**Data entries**
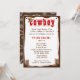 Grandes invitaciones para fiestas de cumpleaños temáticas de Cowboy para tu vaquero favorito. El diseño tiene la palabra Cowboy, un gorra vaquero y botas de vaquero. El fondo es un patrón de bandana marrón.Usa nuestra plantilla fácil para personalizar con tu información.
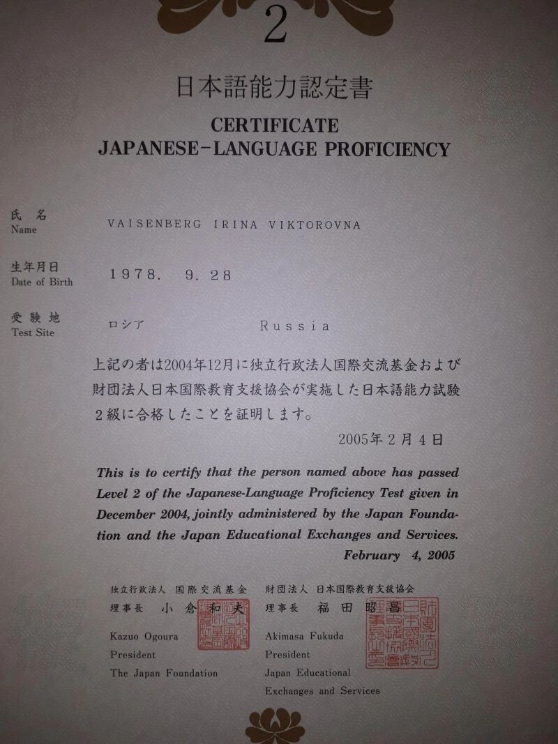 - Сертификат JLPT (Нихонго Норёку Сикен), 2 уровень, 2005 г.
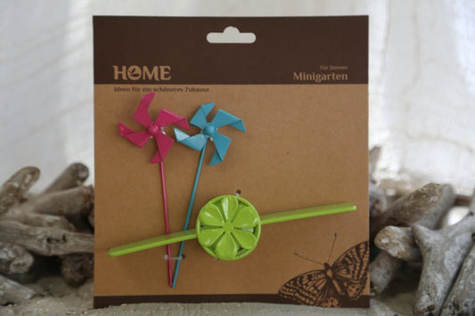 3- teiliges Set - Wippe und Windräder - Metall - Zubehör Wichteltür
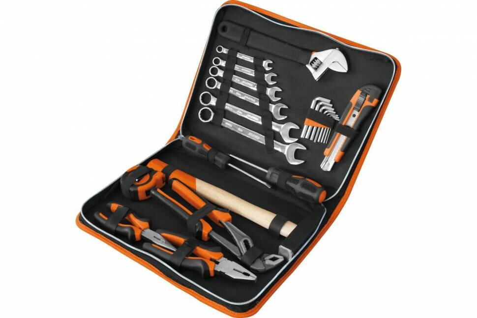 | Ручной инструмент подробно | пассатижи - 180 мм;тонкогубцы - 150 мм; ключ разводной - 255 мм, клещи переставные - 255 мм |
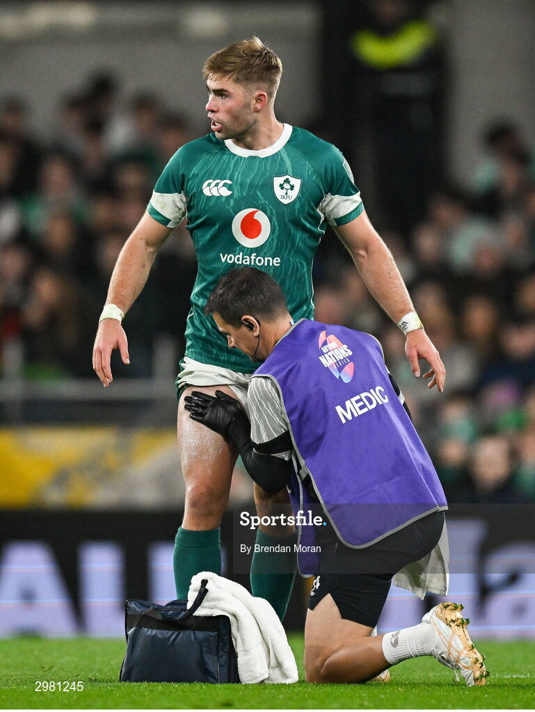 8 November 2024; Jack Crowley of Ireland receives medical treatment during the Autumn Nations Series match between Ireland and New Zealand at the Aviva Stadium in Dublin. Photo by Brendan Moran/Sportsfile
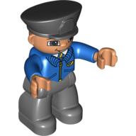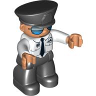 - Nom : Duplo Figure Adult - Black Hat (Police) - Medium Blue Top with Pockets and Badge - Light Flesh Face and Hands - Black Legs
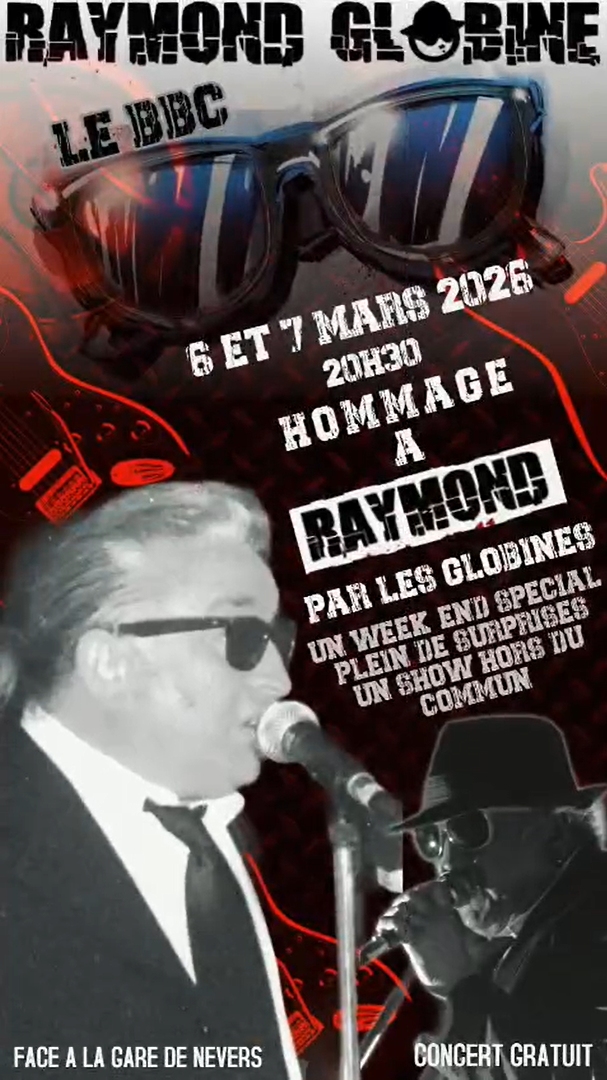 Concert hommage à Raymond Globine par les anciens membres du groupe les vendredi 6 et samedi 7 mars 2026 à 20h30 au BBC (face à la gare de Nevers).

**TO DO**
Look above for the line with "- Сертификат JLPT" and the line with "переставные - 255 мм |"; set down those two lines and all lines between them exactly, without pictures and without anything else.

**ANSWER BOX**
 - Сертификат JLPT (Нихонго Норёку Сикен), 2 уровень, 2005 г.
 3- teiliges Set - Wippe und Windräder - Metall - Zubehör Wichteltür
 | Ручной инструмент подробно | пассатижи - 180 мм;тонкогубцы - 150 мм; ключ разводной - 255 мм, клещи переставные - 255 мм |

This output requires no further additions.